Group Chief Executive of Gold Fields, Mike Fraser says the company is leaving the Damang Mine with the joy that it has been positioned for a robust and sustainable future, capable of maintaining its relevance within Ghana’s extractive sector.
Of significance, he noted, is the mine’s capacity to continuously sustain the local economy, support businesses, and protect the livelihoods of scores of residents whose existence is intrinsically linked to its operations.
Within mining-dependent districts such as the Prestea-Huni Valley Municipal Assembly, such continuity as shown by Gold Fields often underpins a broader socio-economic stability, given the sector’s role in employment, procurement linkages, and local enterprise development.
“What we are proud of is that we have set the mine up for a robust and sustainable future… and when we started the conversation with the government about what the future of the mine was, we were very clear that the most important thing for us is that all of those jobs and livelihoods that depended on the Damang mine continue,” he said during a courtesy call on the Apinto Traditional Council at Awudua in the Prestea Huni Valley Municipal Assembly of the Western Region.
Even with the knowledge that the government was taking over the Damang Mine, Gold Fields’ strategy of leaving a defined operational and socio-economic footprint in its host communities remained and supersede any central consideration.

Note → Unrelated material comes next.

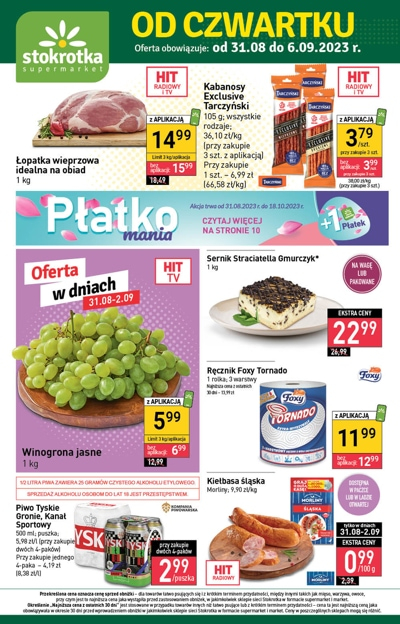 Nowa gazetka promocyjna sieci sklepów Stokrotka. Polecane promocje z gazetki Stokrotka: Łopatka wieprzowa idealna na obiad 1 kg - 13,99 zł*. Winogrona jasne 1 kg - 5,99 zł**. Szynka od szwagra Krakus 100 g - 2,99 zł. *…
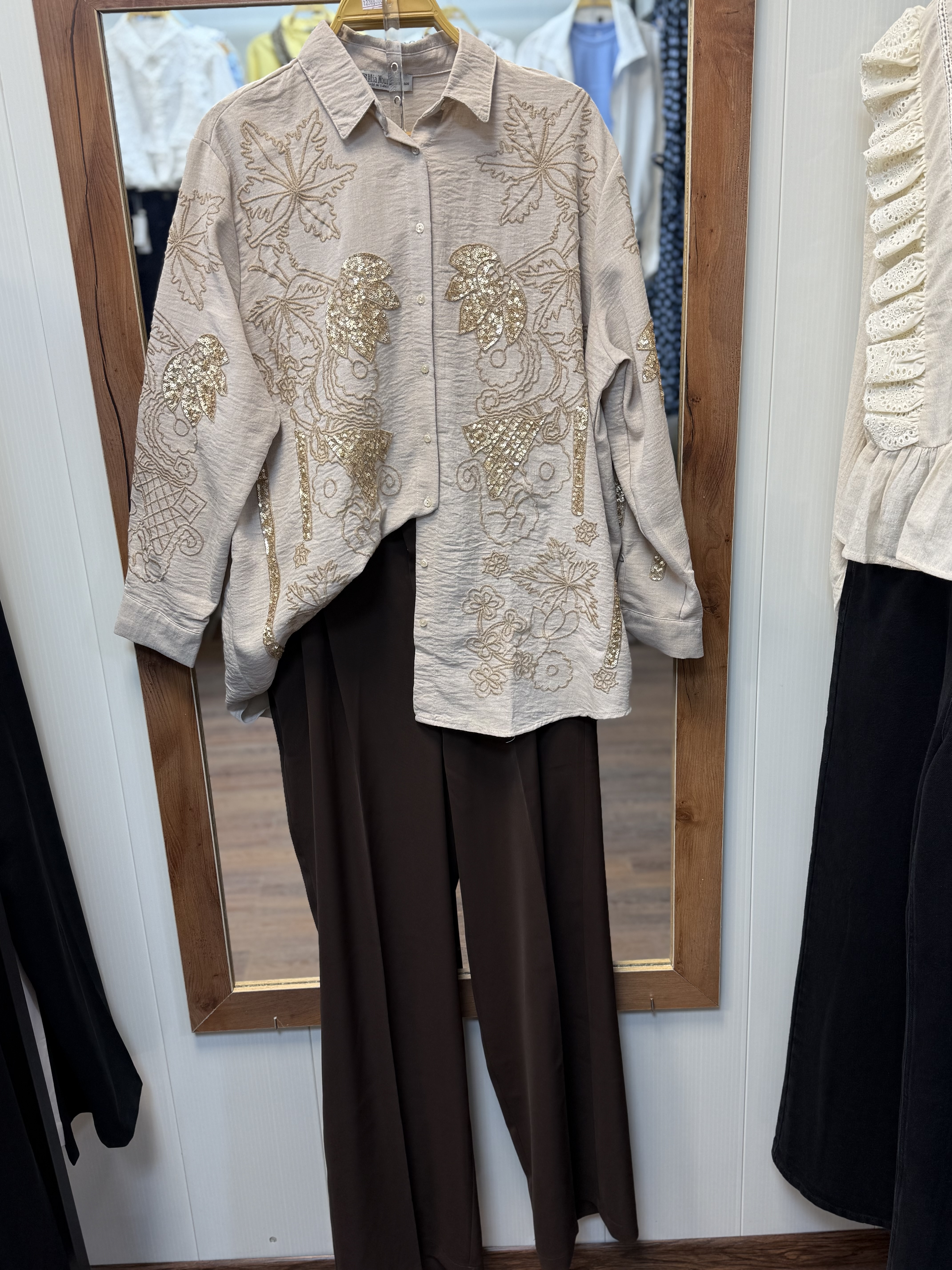 شومیز لینن گلدوزی همراه کمربند

“So, we invested quite a lot in ensuring that we had a plan for the sustainability of Damang and was willing to hand the asset over to ensure the asset was sustainable… what we have seen today is that the work over the last 12 months means that we’ve now got a mine that continues without interruption, and that to us was the most important thing,” he added.

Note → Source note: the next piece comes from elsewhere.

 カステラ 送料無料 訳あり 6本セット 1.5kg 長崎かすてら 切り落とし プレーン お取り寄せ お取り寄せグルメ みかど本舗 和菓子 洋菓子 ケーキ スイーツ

He did not hide the company’s disappointment that the Damang Mine is no longer part of its portfolio, particularly considering a relationship spanning over three decades, marked by sustained production, capital investment, and an established operational footprint within the Western Region and the country at large.
Nevertheless, he gave firm assurance that Gold Fields remains committed to maintaining its operational depth in the country, particularly at the Tarkwa Mine, which continues to serve as a strategic asset within its global portfolio.
“When I think about Tarkwa, it is a really important part of our business. In fact, 25 percent of our production comes out of Ghana… we are not going to give up anyway on Tarkwa,” he said.
Gold fields has submitted a lease extension application for the Tarkwa Mine, seeking to secure at least an additional 20 years of mining. Such long-term extensions are typically aligned with the capital-intensive nature of large-scale mining, where reinvestment in equipment, exploration, and expanded operations is tied to extended operational certainty.
The plan, he explained, will further open up Tarkwa and its environs, reinforcing its position as a hub for gold mining and related economic activity.
“This will require quite a significant amount of reinvestment… additional manpower… over the next 20 years,” he noted, adding that the strategy is designed to position Tarkwa as a world-class asset while creating scope for further life extension beyond the initial lease period.
Already, Gold Fields is engaging relevant authorities on the role it can continue to play in advancing the frontiers of gold mining in the country, reflecting ongoing alignment with national regulatory and investment frameworks.
These sustained investments and engagements, he indicated, are consistent with the company’s broader operational philosophy: “We don’t just mine gold for the sake of our stakeholders… a key part of our strategy is to make a meaningful difference in the host communities in which we operate.”